PDF(Pubmed)
Abstract:
Among the main metabolic pathways implicated in cancer cell proliferation are those of cholesterol and fatty acid synthesis, both of which are tightly regulated by sterol regulatory element-binding proteins (SREBPs). SREBPs are activated through specific cleavage by membrane-bound transcription factor protease 1 (MBTPS1), a serine protease that cleaves additional substrates (ATF6, BDNF, CREBs and somatostatin), some of which are also implicated in cell proliferation. The goal of this study was to determine whether MBTPS1 may serve as a master regulator in proliferation of colorectal cancer (CRC).

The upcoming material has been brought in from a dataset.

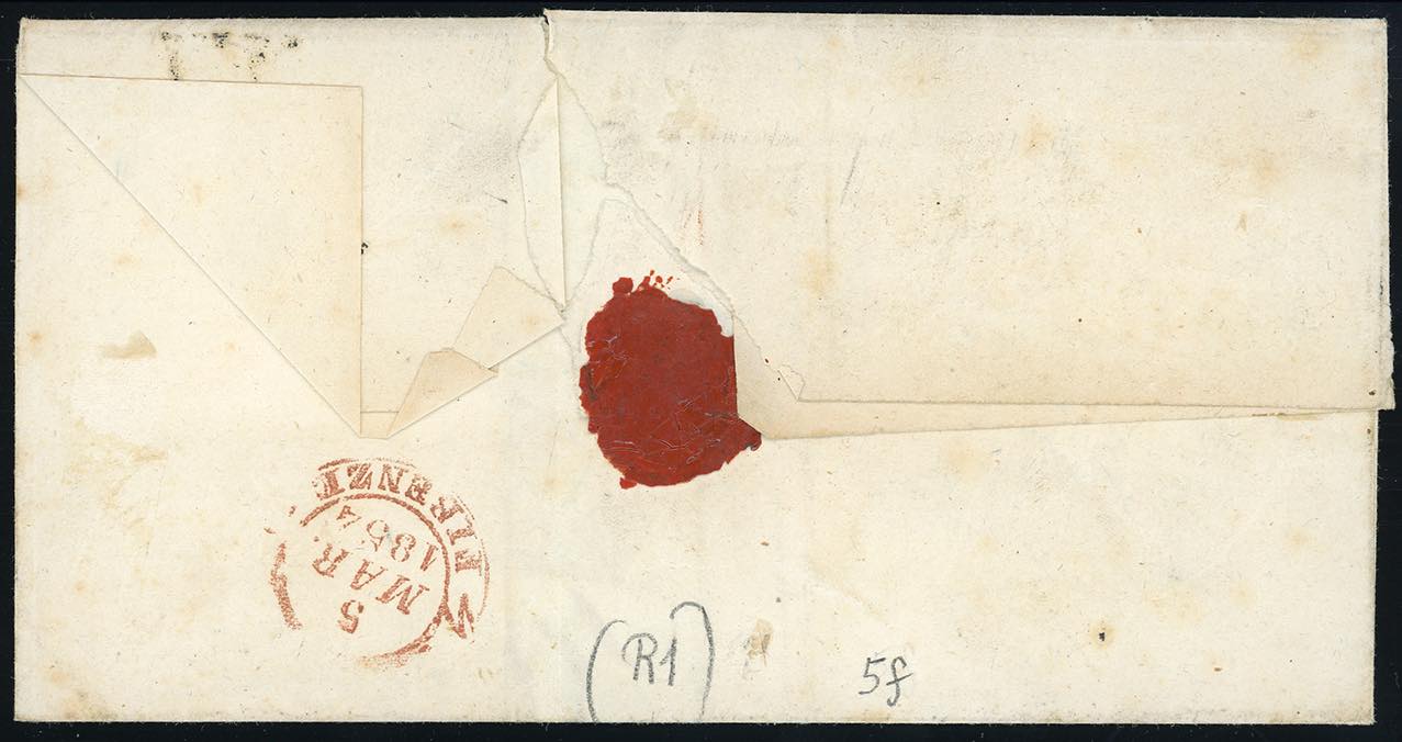 TALAMONE, doppio cerchio medio + PD coannullatori punti R1 - 2 crazie (5f), due margini leggermente sfiorati, su sovracoperta di lettera del 4/3/1854 per Firenze. Combinazione di annulli ad oggi inedita, unica nota! Cert. Avanzo.
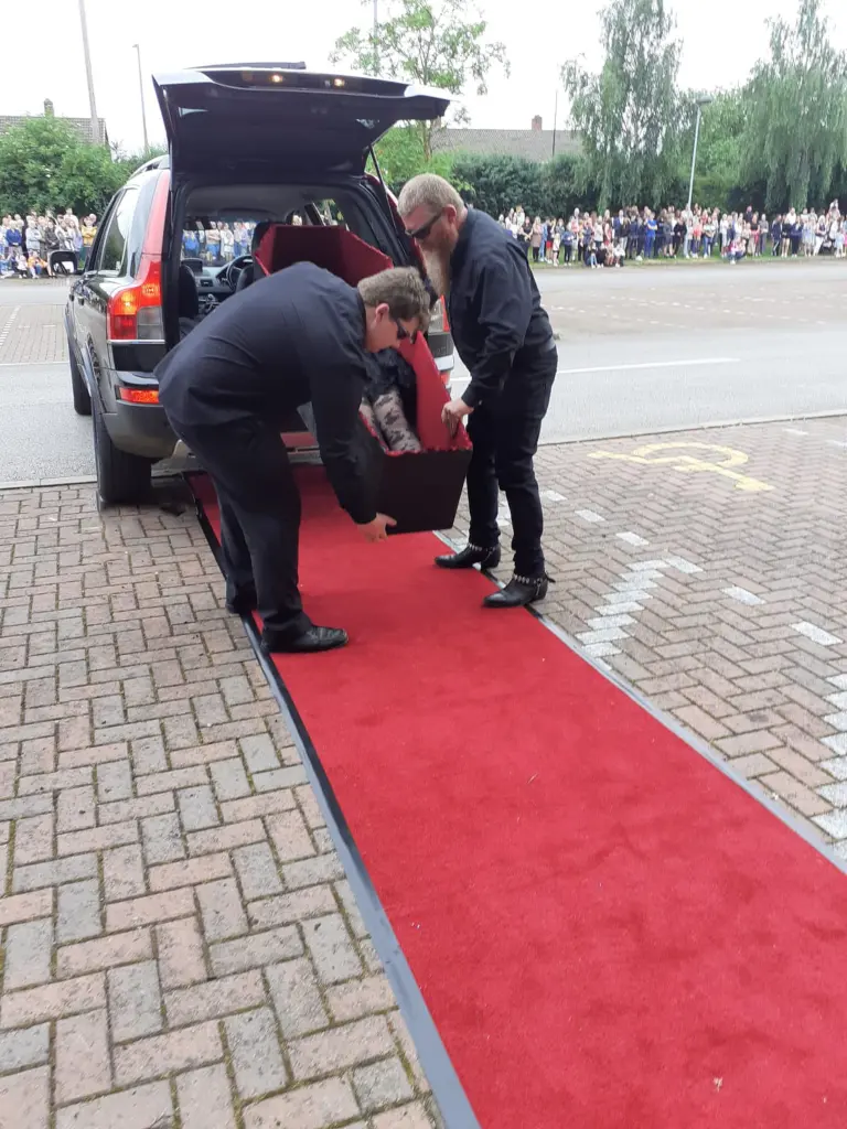 انتشر فيديو لـ مراهقة بريطانية، تصل إلى حفل التخرج في مدرستها خلال وجودها في نعش يحمله شقيقها ووالدها.

Tumors from CRC patients showed variable levels of MBTPS1 mRNA, which were in positive correlation with the levels of SREBPs and ATF6, and in reverse correlation with BDNF levels. Chemical inhibition of MBTPS1 activity in two CRC-derived cell lines resulted in a marked decrease in the levels of SREBPs, but not of its other substrates and a marked decrease in cell proliferation, which suggested that MBTPS1 activity is critical for proliferation of these cells. In accordance, CRISPR/Cas9 targeted knockout (KO) of the MBTPS1 gene resulted in the survival of only a single clone that presented a phenotype of severely attenuated proliferation and marked downregulation of several energy metabolism pathways. We further showed that survival of the MBTPS1 KO clone was dependent upon significant upregulation of the type-1 interferon pathway, the inhibition of which halted proliferation entirely. Finally, rescue of the MBTPS1 KO cells, resulted in partial restoration of MBTPS1 levels, which was in accordance with partial recovery in proliferation and in SREBP levels. These finding suggest that MBTPS1 plays a critical role in regulating colon cancer proliferation primarily through SREBP-associated lipid metabolism, and as such may serve as a possible therapeutic target in CRC.
摘要:
与癌细胞增殖有关的主要代谢途径是胆固醇和脂肪酸合成,两者都受到固醇调节元件结合蛋白(SREBPs)的严格调节。SREBPs通过膜结合转录因子蛋白酶1(MBTPS1)的特异性切割被激活,一种切割额外底物的丝氨酸蛋白酶(ATF6,BDNF,CREB和生长抑素),其中一些也与细胞增殖有关。这项研究的目的是确定MBTPS1是否可以作为大肠癌(CRC)增殖的主要调节因子。来自CRC患者的肿瘤显示不同水平的MBTPS1mRNA,与SREBPs和ATF6水平呈正相关,与BDNF水平呈负相关。化学抑制两种CRC衍生细胞系中的MBTPS1活性导致SREBP水平显着降低,但不是它的其他底物和细胞增殖的显著减少,这表明MBTPS1活性对于这些细胞的增殖至关重要。InAccording,MBTPS1基因的CRISPR/Cas9靶向敲除(KO)仅导致单个克隆的存活,该克隆呈现严重减弱的增殖和几种能量代谢途径的显着下调的表型。我们进一步表明,MBTPS1KO克隆的存活依赖于1型干扰素途径的显著上调,其抑制作用完全停止了增殖。最后,拯救MBTPS1KO细胞,导致MBTPS1水平的部分恢复,这与增殖和SREBP水平的部分恢复一致。这些发现表明,MBTPS1主要通过SREBP相关的脂质代谢在调节结肠癌增殖中起关键作用。因此可以作为CRC中可能的治疗靶标。